Audition Season & The Oregon Trail

February 25, 2020

I finally finished reading A Beautiful Constraint, and this thought stuck out to me:


“The person most affected by [a] constraint will not always be the person best placed to see the possibility in it. Hence the importance of external groups…who aren’t directly impacted by the constraints themselves, and come with different skills, able to see the possibility as well as the constraint, even in some of the most challenging circumstances.”


Simply put: We’re not good at finding new paths and/or new possibilities when obstacles are in our own way. We must rely on others to help us see what we can’t.


Audition Season feels like The Oregon Trail. It’s the end of February: There are 41 miles to go before our next Trading Post, Sally just died of Cholera, and we’re running low on Bison meat. If we can only see the despair and the doom, we will surely die before we get there. And, if we can choose to see that we have ONLY 41 miles to go, Sally is now resting in peace, AND we still have 288 lbs of meat, we can confidently ration supplies to get as many members of our Pioneer Party there on time and in one piece.

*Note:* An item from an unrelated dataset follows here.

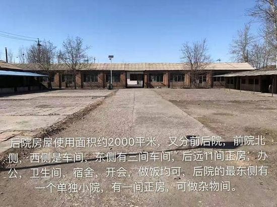 后院3300平米,房屋使用面积约2000平米,又分前后院,前院北侧,西侧是车间,东侧有三间车间,后远11间正房,办公,卫生间,宿舍,开会,做饭均可,后院的东侧有一个单独小院,有一间正房,可做杂物间。
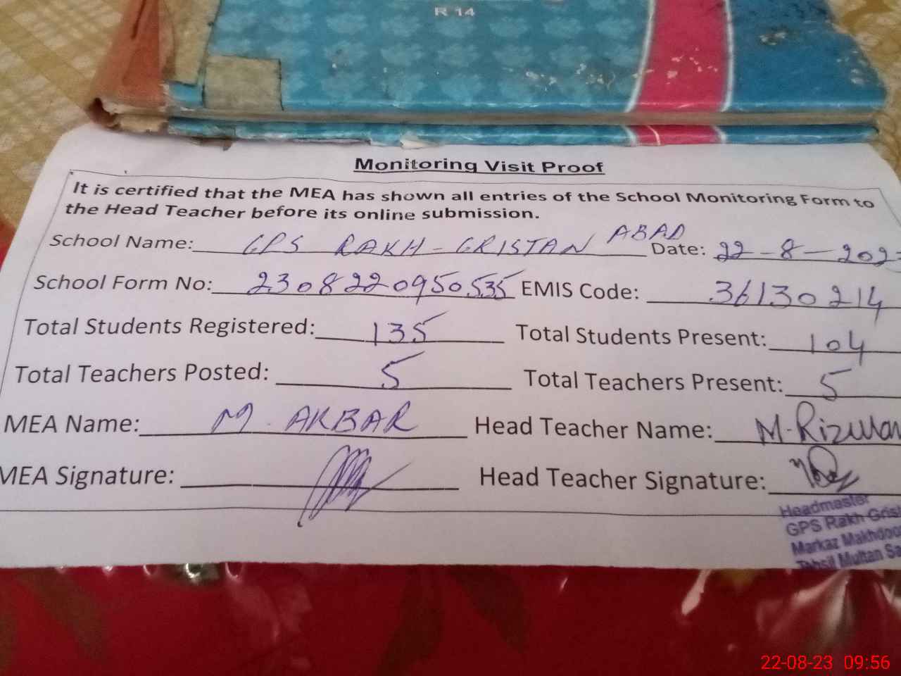 | EMIS Code: 36130214 | Name of School: GPS RAKH GRISTAN ABAD MAKHDUM RASHEED MULTAN | |||

If it currently “looks like doom” AKA “you can’t get seen for anything”, “no one is taking your submission or spruiking emails seriously”, “success only looks like getting cast in a new play in New York City on an equity contract”, or “your audition book is far behind where it should be”, consider reframing the situation. Consider looking for the possibility and concentrating on the hope. Turning “you can’t get seen” into spending the time you’re spending waiting in The Actor’s Lounge drafting emails to casting, artistic directors, creative team members, etc. asking for appointments. Turning “no one is taking your emails seriously” into following up and into writing more empathetic emails (shorter, clearer, and more direct). Turning your attachment to a specific idea of success into an expanding and building the idea with the many ways, seasons, and things that can make us feel successful. Turning feeling “far behind” into acknowledging “where you are at the present moment”. Turning agonizing about the past into accepting the present and strategizing toward the future.


And if it still feels daunting, look inside your covered wagon and ask recovering-from-a-snakebite Jim if he can see another route that you can’t see. Before your wagon tips over, ask your Party for assistance. And if you’re the only passenger left, send off an SOS snare to me or to any of your other champions!


If you look for the clouds, you’ll find the clouds. And if you look for the sky of blue, you’ll be able to see the blue, even if it’s currently hiding behind the clouds.


Forge ahead, weary traveler. You got this.